The silence that followed our passage through the blood-soaked threshold was not the quiet of peace—it was the sharp, expectant stillness of tension coiled and waiting. I could feel it in the way Elairen's hand subtly tensed around her blade, in the precise way her body shifted ever so slightly to my side, her posture low, her weight distributed for sudden motion. Before us stood nine individuals—three separate groups, each comprising two men and one woman, arranged in a loose semi-circle formation that made it clear: they weren't friends, not yet enemies, but they saw us as something… different.
They studied us, not with curiosity but with veiled caution, as though trying to make sense of the crimson stains drying on our skin and the calmness in our eyes. They had not expected to find only two survivors here—two predators instead of three competitors. I, in turn, studied them with the cold, analytical distance of someone who had long since stopped seeing people as merely people, and instead as pieces—tools, threats, opportunities.
Elairen's fingers twitched subtly. I felt it without needing to look.
They moved gradually, subtly encircling us, forming a rough triangle. From their whispered exchanges, I caught fragments of doubt and disbelief.
"Only two? But the third chamber was supposed to be group combat..."
The voice came from a thin young man wearing cracked spectacles, his tone marked not by arrogance but by confusion. He had an air of innocence that didn't fit the room—clean, slightly hunched posture, soft-spoken, unsure of his footing. He hadn't killed. Or if he had, it had cost him dearly.
Without hesitation, I lunged forward before the rest could react.
The boy's group was closest. My first movement wasn't toward him—but toward the two figures beside him. With precise strikes, I pressed hard into the primary acupressure nodes just behind their ears and at the base of their necks—immobilizing them instantly. Their limbs stiffened, bodies twitching as if frozen mid-breath.
I stood before the boy, eyes narrowed.
"What is your name?"
He swallowed hard, panic flickering behind his lenses. "A-Aedric…"
"This place," I continued coldly, "do you understand what it is?"
He nodded hesitantly, voice trembling. "It's… it's like a path. Between places. Every door… it leads deeper. Like rooms in a dream. A layered test."
Interesting. He knew something—more than the others did, perhaps. I tilted my head slightly, weighing my next words.
"Do you want to live?"
It wasn't kindness in my voice. It was calculation.
He nodded again, more desperately this time. "Yes… yes, I do."
Behind us, one of the other groups grew agitated. A tall man with a scarred cheek stepped forward, shouting with a mixture of bravado and fear.
"Hey! You think you can just ignore us?!"
I turned slowly, met Elairen's gaze, and glanced at her blade. She understood.
With practiced ease, she tossed the weapon to me in a flat, spinning arc.
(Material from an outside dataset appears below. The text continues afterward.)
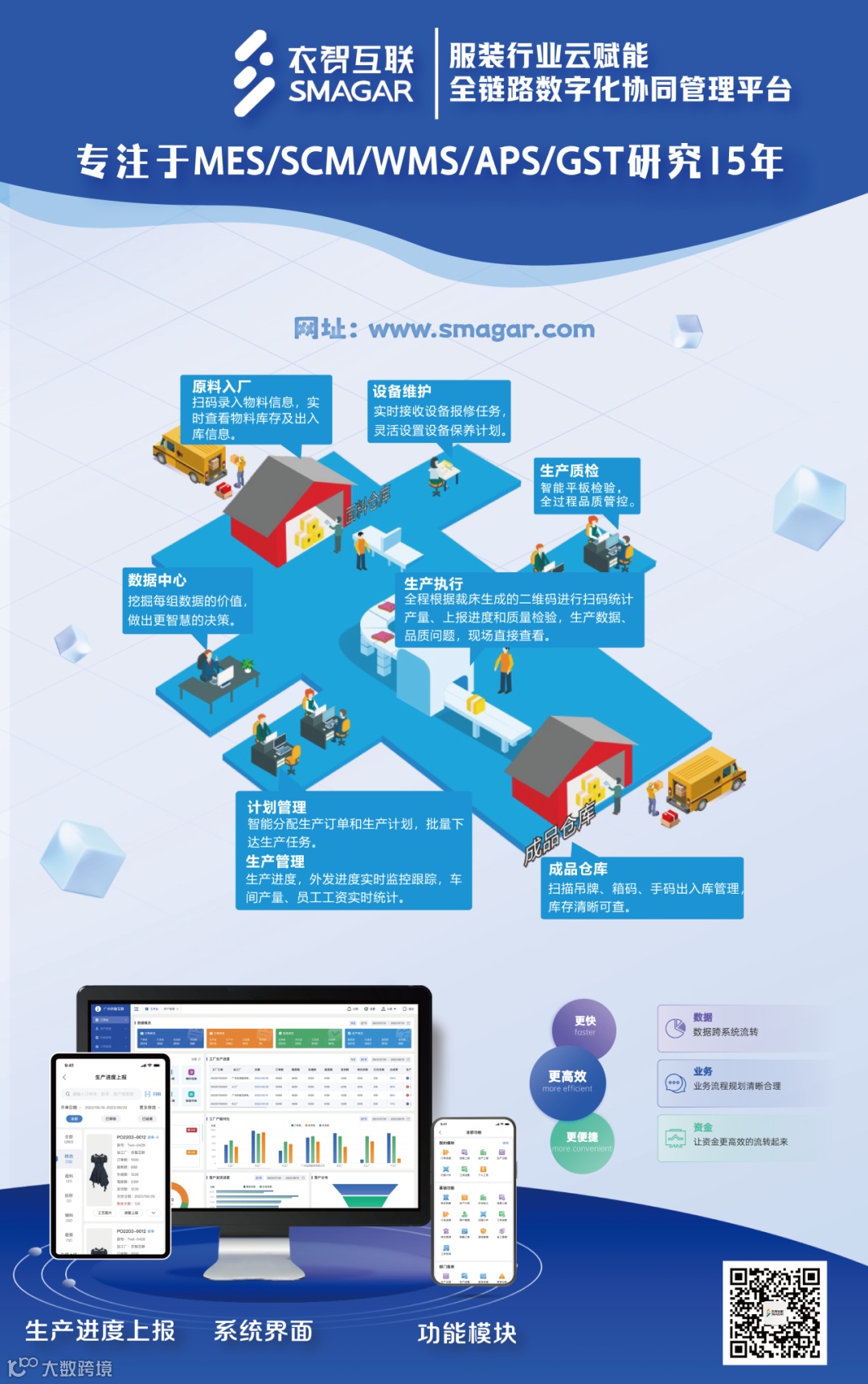 广州衣智互联科技有限公司是一家专注于服装智能制造的科技公司,融合互联网领域前沿技术创新,为服装企业提供基于云端的协同管理平台。云端部署运行于电脑端、手机、平板等,覆盖研发、订单、采购、计划、物料、生产、质检、成品、设备等核心流程,助力缝制类企业全面推进数字化转型,提高生产柔性、缩短交付周期,提升供应链反应能力,实现数据实时驱动决策。

I caught it mid-turn and twisted my body into a smooth rotational kick—a precise, sweeping strike that launched the blade across the room. It embedded itself cleanly into the speaker's skull, cutting off his rant mid-sentence.
The moment froze. Then chaos followed.
I didn't give them time to regroup.
I lunged into the second group, targeting their largest member first. With both hands, I grabbed his throat and drove my thumbs inward—crushing his trachea and pulling his neck backward until I felt the spine snap beneath my fingers. The second man barely had time to raise his weapon before I delivered a rising knee into his solar plexus, followed by a sharp elbow to his jaw that sent his skull cracking against the wall. Blood and bone painted the stone behind him.
The woman tried to scream—Elairen silenced her with a swift, surgical strike that broke her neck in one clean twist.
Five corpses. The air reeked of iron.
I knelt, hands on the fresh bodies, and began drawing in the residual life energy still lingering within. Warmth. Power. The soft, ephemeral current of stolen vitality.
Aedric watched in silent horror. He trembled, knees nearly buckling. Elairen, ever observant, circled behind the two I had paralyzed earlier—ready to finish the job.
"No—wait!" Aedric shouted. "Don't! They're not random! They're with me. My guards. Please, don't hurt them!"
I stood, slowly approaching him, studying the lines of fear and desperation carved into his expression. There was something about him. The knowledge, the composure despite the fear—it didn't fit the profile of a civilian. Perhaps he belonged to a family, a sect, a hidden organization. A scholar? Or something rarer?
I stepped close, towering over him.
"You're useful," I said flatly. "So for now, they live."
Aedric nodded shakily, exhaling in relief, then promptly sat on the cold floor, trying—and failing—to steady his breath. His arms wrapped around his knees, like a child attempting to make himself smaller.
Elairen said nothing, but she kept one eye on the immobilized pair.
Minutes passed. The blood cooled. But I could feel it—something was watching us.
Not from the door. Not from the others.
From the walls themselves.
An unseen presence. Patient. Ancient. Unblinking.